Medical imaging is one of the most important technologies available to doctors and other medical workers, providing critical information for diagnosis and treatment. There is however no single technology for imaging of internal structures that is universally applicable to all tissues, has high resolution, is inexpensive, doesn’t use ionizing radiation, and creates images in real-time. An ideal system would also be portable and low-cost, with the potential for use in ambulances and other out-of-hospital environments.
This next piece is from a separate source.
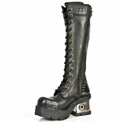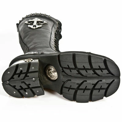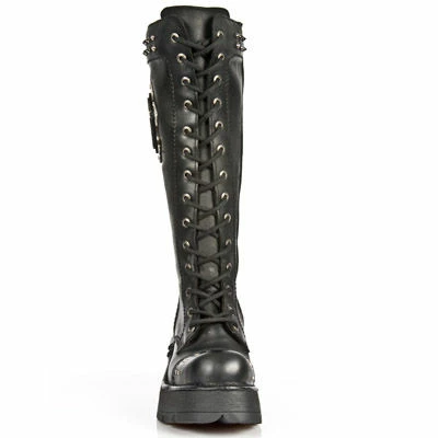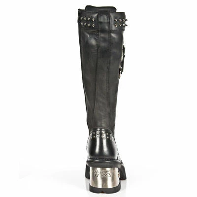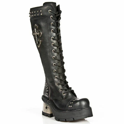 Du pur jus goth ! Ces grandes bottes en cuir noir New Rock ne passent pas inaperçues et pour cause, les talons en métal en jettent grave et les petits clous ainsi que la grande croix gothique ne sont pas là pour la discrétion
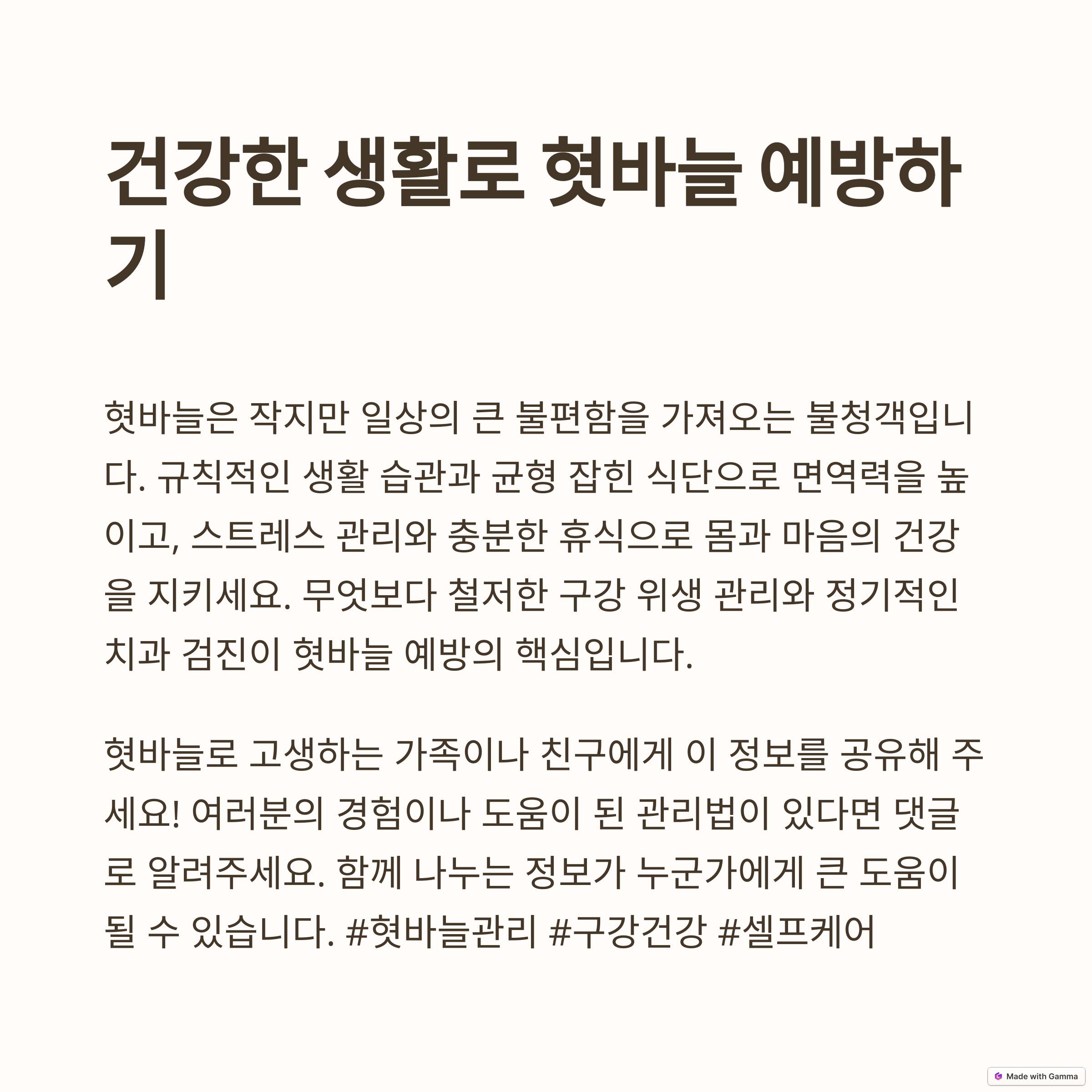 - 생활 습관 개선 프로젝트: 혓바늘 예방 가이드

In recent years a substantial body of experimental work has been performed to apply microwave and radar technologies to the field of medical imaging and biosensing.

Microwave Imaging

The microwave frequency band (300 MHz–30 GHz) possesses useful characteristics, including the use of non-ionizing radiation which is harmless at moderate power levels but penetrates biological tissue reasonably well. Compared with more conventional medical imaging systems such as MRI and X-ray, microwave systems generally offer a lower spatial resolution but a high temporal resolution (ie the ability to resolve fast-paced events).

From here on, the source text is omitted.